In the battle to retain her District 15 (JBER-Muldoon) seat, Rep. Gabrielle LeDoux fell short in her 30-day fundraising report. Far short.
She raised just $15,000, and has had to loan her campaign $10,000 from her personal funds. The woman who is known as a fundraising Goliath has never had to do that before.
That personal loan gives her a cash advantage over Jake Sloan, who is running an unusual write-in campaign against the powerful House Rules Committee chair who has been identified as running a corrupt Primary campaign.
A State investigation is underway and one of LeDoux’s lead campaign operatives from California died of a stroke as soon as the veil came off of the voter fraud that was associated with LeDoux’s primary win. That death has complicated the investigation.
Write-In Jake Sloan raised nearly $19,000, which is 22 percent more than LeDoux raised since the primary. But has a hill to climb in that he is running a write-in campaign against a well-known incumbent and because LeDoux has spent $103,000 overall to get re-elected.
However, LeDoux spent most of it in the primary, which she lost on Election Day and which she won with the help of questionable absentee ballots. Her funds are somewhat depleted, which is why she needed to loan her campaign running money.

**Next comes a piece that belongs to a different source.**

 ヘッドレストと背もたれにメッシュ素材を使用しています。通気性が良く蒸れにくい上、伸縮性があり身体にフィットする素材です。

Sloan has to build name recognition, buy signs, and educate voters to write in his name and fill in the bubble. And he has less than a month to educate those voters.
But Sloan is encouraged by the fact that during the primary election, Rep. LeDoux lost with regular voters to Aaron Weaver, who never ran an actual campaign. LeDoux only won because of the enormous absentee ballot effort she ran with the help of the now-deceased Charlie Chang.

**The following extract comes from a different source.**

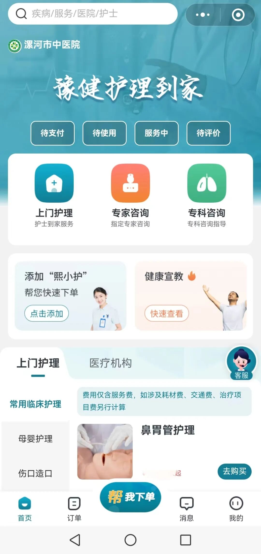 訂單確認(rèn): 支付訂單后,等待護(hù)士接單

Many of those LeDoux votes turned out to be fraudulent, and others who voted for LeDoux may now regret their vote after learning about the possibly criminal capers involved to stack the ballot box for LeDoux. One of those fraudulent votes was from Mr. Chang, who was a resident of Fresno, Calif.
LeDoux has also lost her key campaign supporters and is now relying on the help of a former Alaska House legislative aide who has moved to Georgia but who her campaign flew back to Anchorage to manage LeDoux’s campaign. One hopes he has good life insurance — Thomas Brown. He used to work on her staff when she served as chair of the House Judiciary Committee. He’s now on her campaign payroll.

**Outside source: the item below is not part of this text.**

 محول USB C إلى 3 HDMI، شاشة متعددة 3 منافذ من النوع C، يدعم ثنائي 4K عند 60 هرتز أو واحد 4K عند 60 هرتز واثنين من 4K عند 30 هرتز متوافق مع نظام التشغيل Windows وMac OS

Sloan, on the other hand, is relying on his wife Leigh, and an ever-expanding list of volunteers who are going door-to-door with him.
Several legislators have walked the neighborhoods with Sloan, including Rep. Tammie Wilson of North Pole, who drove down for the occasion. Purple Heart recipient Passert Lee of the Hmong community, has also helped Sloan get introduced to the Hmong community, many of whom were victimized by the LeDoux campaign in the Primary.
On NextDoor.com, which is a neighborhood social media network that is widely used across Anchorage, a flurry of complaints has arisen over somebody putting LeDoux signs in people’s yards — signs that are clearly unwelcome, according to the multiple reports that have been posted.